Будет обидно, если его травы не помогут.
— …Шину велела послать за ним… простите, госпожа, но она так за вас волновалась… все за вас волновались…
Госпожа.
Это хорошо, это значит, что каким бы мир ни был, я в нем не на самом низу. И золото… я смогла оплатить врача, следовательно, какие-никакие запасы имелись.
— С-свет… — просипела я с трудом, едва не подавившись горечью лекарства. И девочка поняла меня верно. Она споро соорудила гору из подушек, на которую я оперлась, и дважды хлопнула в ладоши.

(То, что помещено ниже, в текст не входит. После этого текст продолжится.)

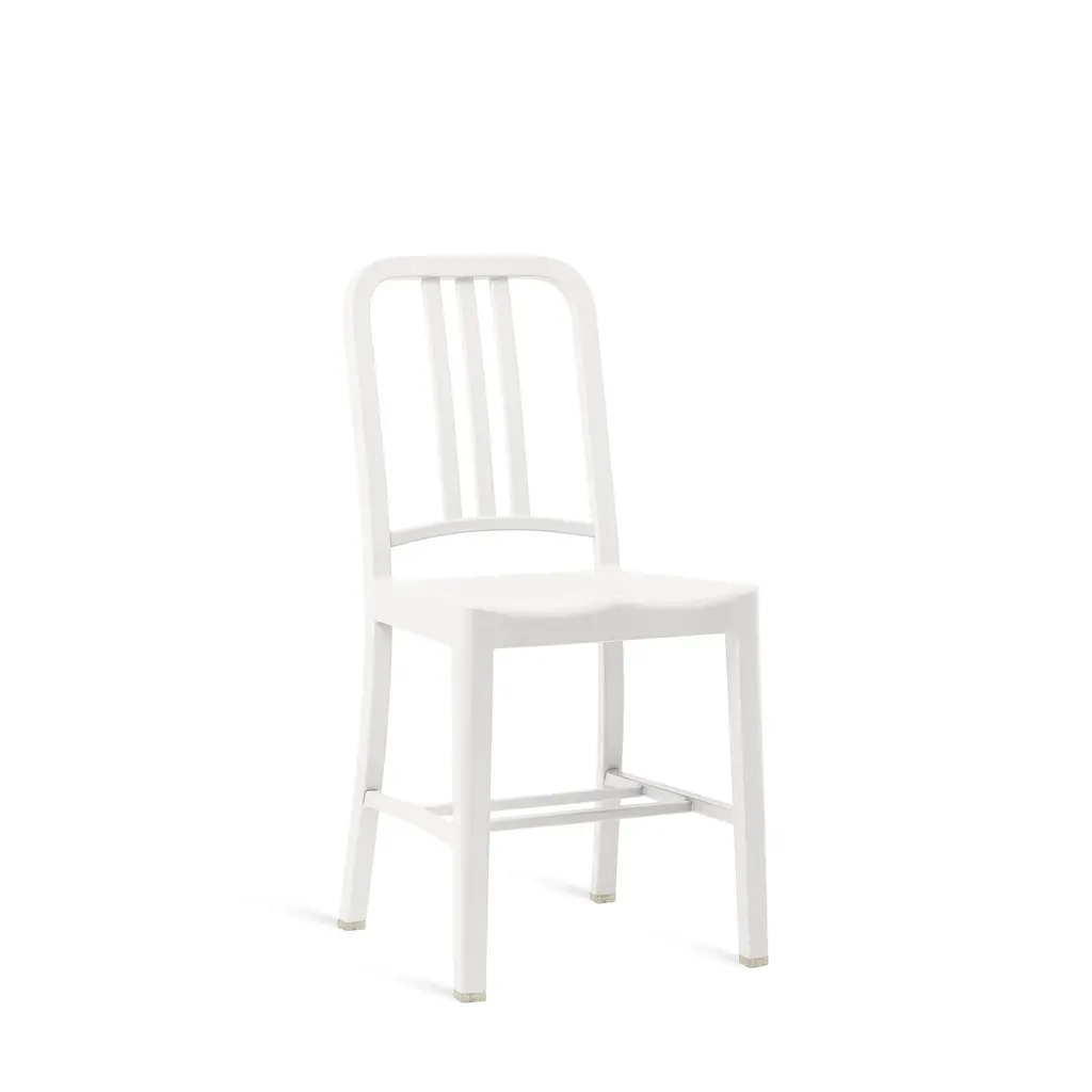 111 Navy by Emeco, 2010 111 Navy Chair ® is the first ever chair made from recycled plastic bottles. Each chair is made from at least 170 waste plastic bottles. Made in the USA and built to stand up to tough use. All colors are outdoor approved. For Quick Ship, a maximum order quantity of 30 pieces applies.
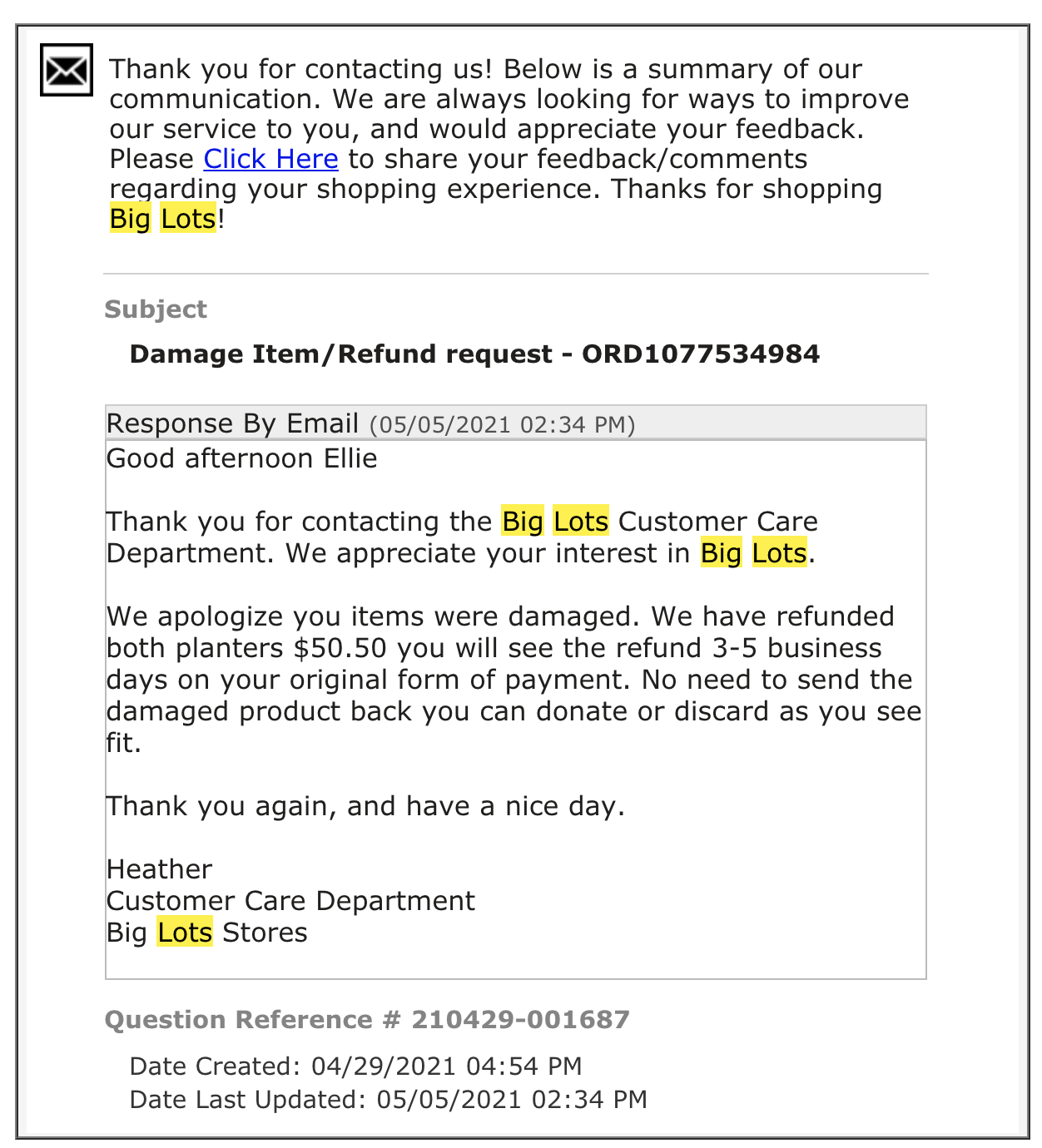 그랬더니 고객 센터에서 제품들 사진을 보내 달라고 하더라고요. 그래서 각각의 사진을 보냈더니 제품 두개다 환불 처리 해 주겠다, 그리고 반품 할 필요는 없다.

— Г-госпожа, простите, но исиго сказал, что вам нужно…
Шар светился тускло.
Обыкновенный такой шар, размером с небольшую дыню. Стеклянный. И поставленный на кованую треногу-дракона. Внутри шара плясали пылинки, дракон изгибался под этакой тяжестью, а я… я пыталась понять, как оно светится.
Заряжали в месяц Журавля, и обошлось это удовольствие в целых пять лепестков, можно подумать, у меня под домом клад зарыт. Все норовят обидеть бедную женщину, и исиготоши, толстый, с лоснящимся лицом и тонкой мышиною косицей, долго вздыхал и презрительно кривился, пересчитывая серебряную мелочь.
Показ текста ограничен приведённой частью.